The creator’s of ABC’s “Lost” won’t do much better for potential fans than me. I was hooked from its opening scene, when the place crashes over the tropical island and everybody runs around the wreckage screaming, and “John Locke” (they are not subtle on this show; there is also a character named Rousseau who is very much “back to nature”) sat amidst the wreckage with a very Zen, “I have something to do with all of this” look on his face. I love the full orchestra (extremely rare for a TV show — I’m not aware of any others that use one) playing a Bernard Herrmann-inspired score; the other liberal borrowing from Hitchock; and, most of all, the constant recurrence of my very favorite literary trope, “the rabbit hole.” Basically every epsiode our band of sexy, remarkably well-made-up Swiss Family Robinson plane crash survivors discovers a new mysterious hatch that leads to another world, or something much like it. I love that they at least try (see below) to participate in genuine philosophical debates, and I even can’t resist the retro-70s stylings of their Dharma Initiative world (not to mention the awesome 1000-foot tall ancient Egyptian-seeming statue that has some secret temple hidden in its base). This is a very weird show for network TV, and I like that they were willing to take all of these risks.

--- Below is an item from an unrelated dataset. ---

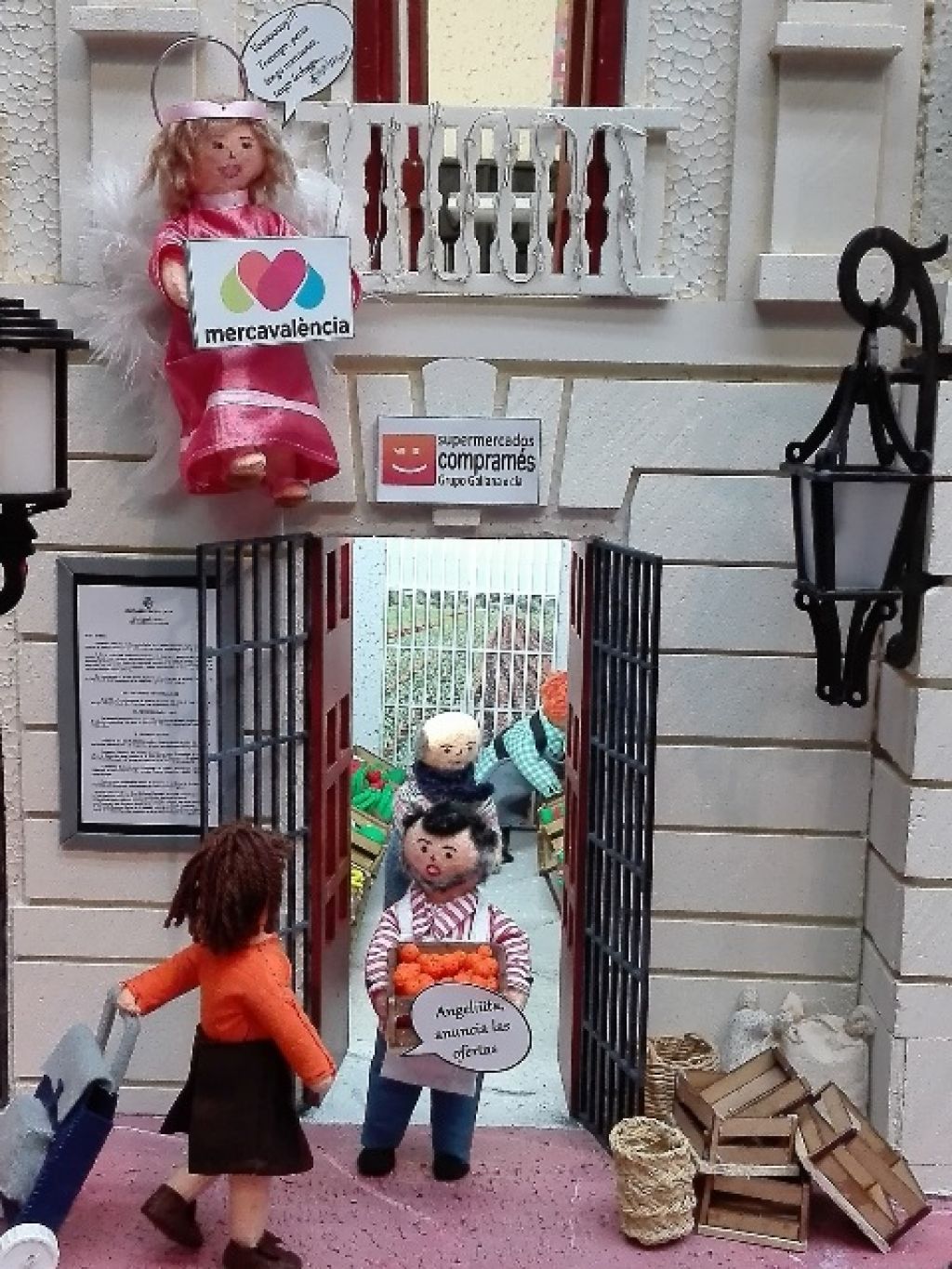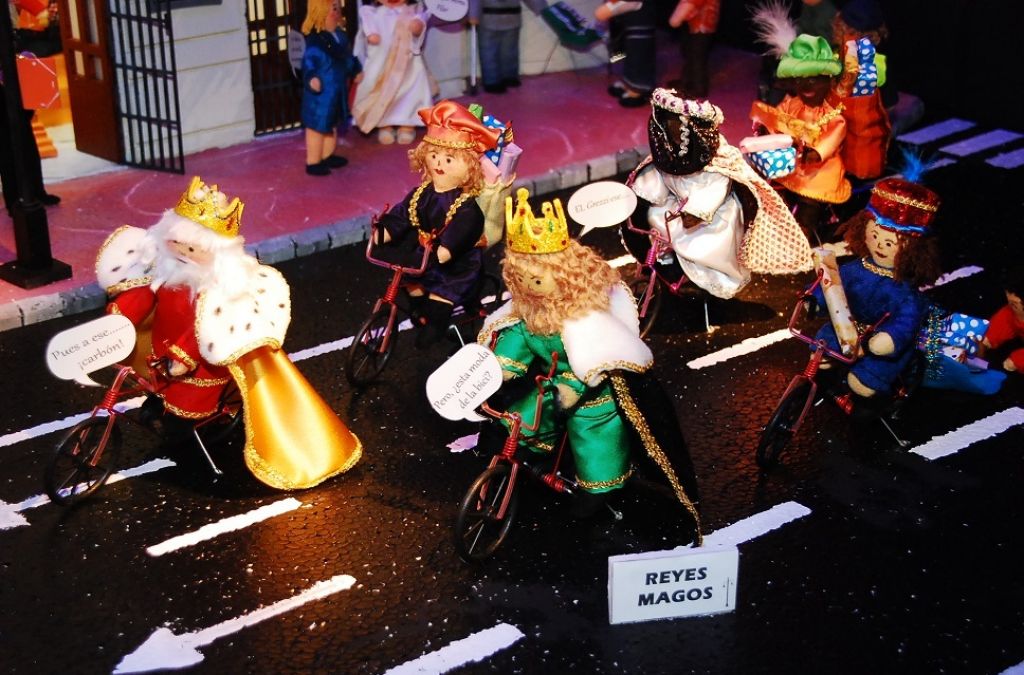 No faltan las alusiones a la retirada del belén tradicional de la Plaza del Ayuntamiento, la llegada de SSMM los Reyes Magos de Oriente en bicicleta (cosas de Grezzi), la “huida” de hombres fuertes de Fuset, la criticada iluminación de la fachada principal de la casa consistorial o la propia Sagrada Familia de okupa en el “Balcón de la Vanidades” haciéndose un selfie como cualquier turista que se precie.

So, as you can see, there’s a lot I like. But really all that has done is make me much, much more disappointed at what a crappy job the creators have done at following through on all of these great ideas. It’s no secret that people complain about all of the unanswered questions in the show — but my beef a little bit different. I’m OK with the mystery and ambiguity about the world they’re in (“Is it the afterlife? Is it an alternate reality?” etc.) What I’m NOT OK with is the way in which the characters react to the mysteries to which they are subjected. Over and over again, a character is solemnly informed that he “must” do something like “journey to the temple” to find some mysterious figure, and nobody ever says, “Why?” And if they do, they always accept an answer like, “Because it is your destiny.” “It’s my destiny? All right then — let’s go murder that guy!” It’s utterly unreal, and even if you are one of those watchers, like me, who is willing to suspend disbelief as to the stuff that’s actually happening, I can’t get past the completely phoney reactions of the characters.

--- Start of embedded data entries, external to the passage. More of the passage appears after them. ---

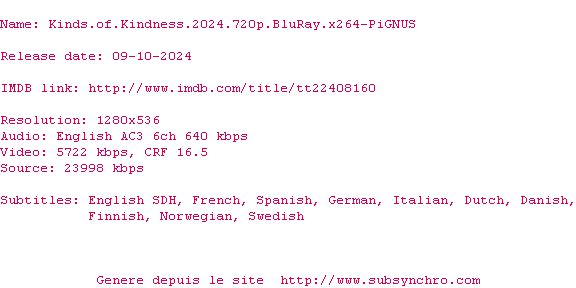 Voir le nfo de la release Kinds.Of.Kindness.2024.720p.BluRay.x264-PiGNUS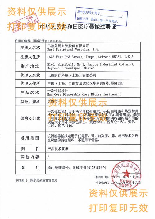 ??? 該活檢器械擬定用于獲得肝、腎、前列腺、脾、淋巴結(jié)和各軟組織瘤的活檢組織。不適用于骨骼。??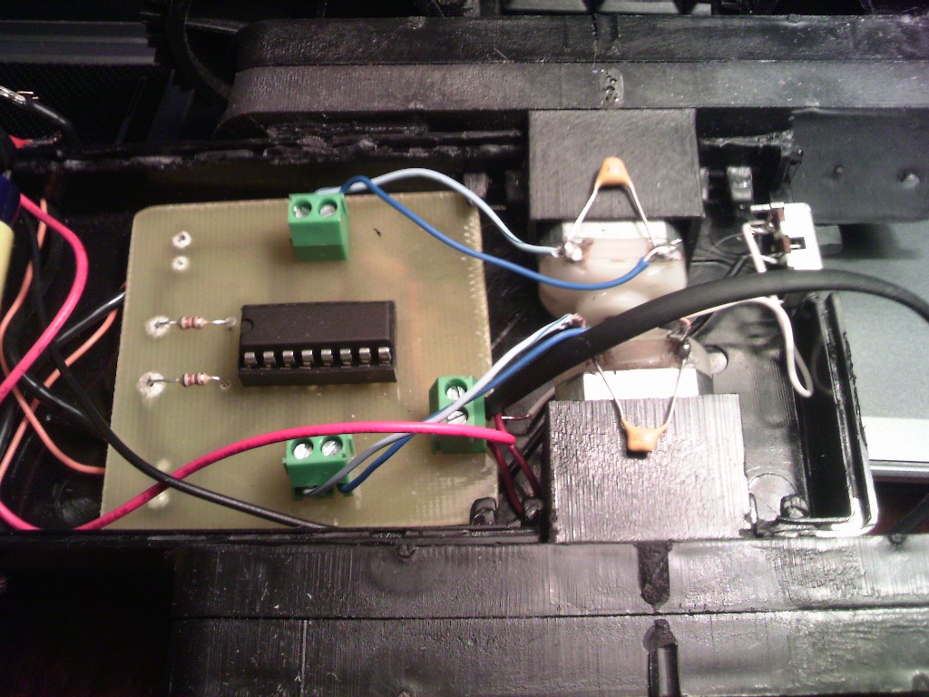 И еще возникла проблема. Батарейки Крона хватает на минуты 2 работы робота,после чего он перестает реагировать на окружающую действительность. Неужто в кронах такая маленькая ёмкость? Но есть и положительный момент - крона идеально влазит в корпус БП.

I get that the show wants to explore questions of free will and fate, and, again, I’m OK with a certain degree of ambiguity and abstraction as the trade-off. But this goes way beyond that — the writers are just really lazy (or incompetent). They have some nifty set piece in mind, and they don’t give a damn how they get there. It’s not unlike a show like, say, “24,” where plot developments are simply not possibly consistent with previous ones — but the problem is, “Lost” has this weighty, pretentious vibe as if it’s actually an intelligently-wrought show.

What really kills me, though, is that I am such a sucker for so many of the set pieces/imagery that I willingly submit myself to the completely phoney characters and their reactions to what’s happening around them. I actually sort of dread watching it, because i know how enraged it will make me, but I do it anyway. And it pains me that the creators had such a cool idea, and executed aspects of it in such an interesting way…and then just punted on the tough part, not only of tying it all together, but of conceiving character reactions that make any sense at all.

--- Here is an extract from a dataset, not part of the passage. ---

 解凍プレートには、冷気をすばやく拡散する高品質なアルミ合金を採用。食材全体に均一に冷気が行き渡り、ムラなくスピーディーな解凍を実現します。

Hey, “Lost” That’s Not Okay.

1 thought on “"Lost": That's Not Okay”

  1. When Jim and I first started watching Lost we had to force ourselves to sit through the first few episodes. Without friends telling us that it is a good show we would have probably never continued watching after the first couple of episodes. I could not figure out why I was not interested in it even though the story itself of people getting stuck on an island seemed so fun. I asked Jim what he thought about it and he nailed it. He said that basically he is not interested in the characters and does care about what happens to them on the island after the plane crash. We are in the fifth season now. I have to admit we have been watching Lost every night; however, even thought the characters have some more personality by now, they still are rather plain order executing and plot developing robots.